- [PROBLEM REQUIREMENTS]
Output nothing but the lines from the one holding "Even to run" to the end of the listing. Reproduce them exactly, without the pictures.

- [AVAILABLE DATA]
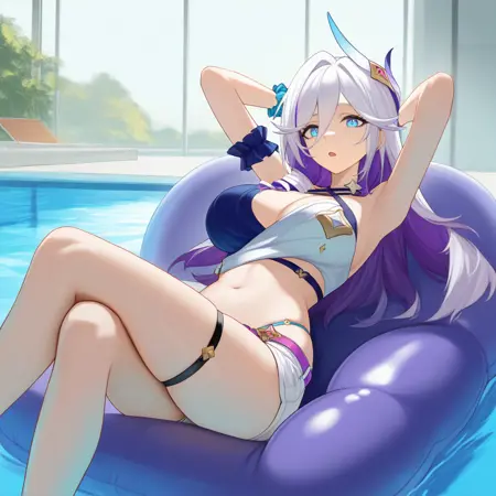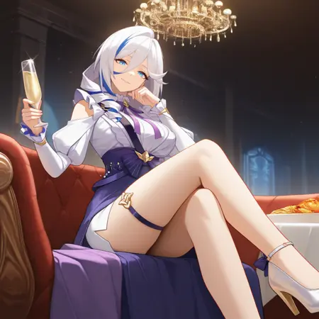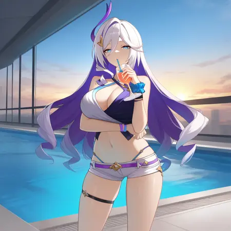 HareSpecialHi3, Hre_Bss, 긴 머리, 파란 눈, 사이드 드릴, 파란 스트라이프, 스트라이프 머리, 흰 머리, 흰 소매, 넓은 소매, 갑옷 장갑, 부푼 긴 소매, 흰 장갑, 분홍 보석, 애기릴렛, 보라색 스톨, 왕관, 머리 장식, 흰 레깅스, 레깅스, 반바지 아래 레깅스, 밝은 갈색 반바지, 짧은 반바지, 계층적 하의, 흰 바디슈트, 바디슈트, 배꼽 가린, 가슴 보석, 허리 망토, 머리 장식, 프릴 망토, 양면 망토, 흰 망토, 흰 신발, 발목 부츠, 하이힐 부츠,
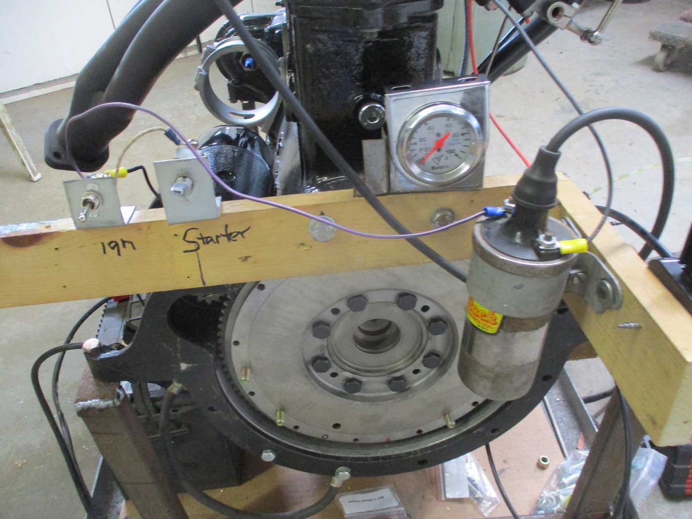 Even to run relatively briefly, the engine needed a fully-equipped test stand: throttle, choke, switches for ignition and starter, coil, oil pressure gauge and hookup, some rudimentary provision for cooling and exhaust. I wasn’t going to run it long enough to need a radiator but wanted the cooling system filled, so I connected hoses so the water could circulate.
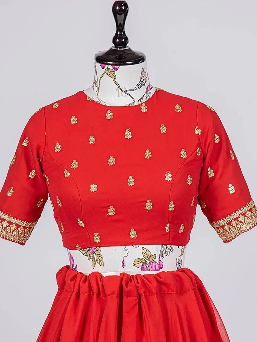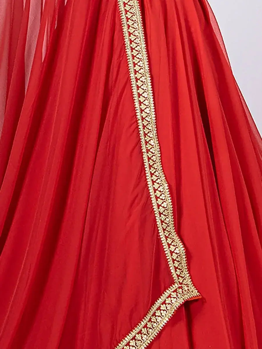 This designer red georgette lehenga is paired with sequins embroidery work blouse material in similar red color and a georgette dupatta with delicate golden embroidered lace.

- [ANSWER SECTION]
 Even to run relatively briefly, the engine needed a fully-equipped test stand: throttle, choke, switches for ignition and starter, coil, oil pressure gauge and hookup, some rudimentary provision for cooling and exhaust. I wasn’t going to run it long enough to need a radiator but wanted the cooling system filled, so I connected hoses so the water could circulate.
 This designer red georgette lehenga is paired with sequins embroidery work blouse material in similar red color and a georgette dupatta with delicate golden embroidered lace.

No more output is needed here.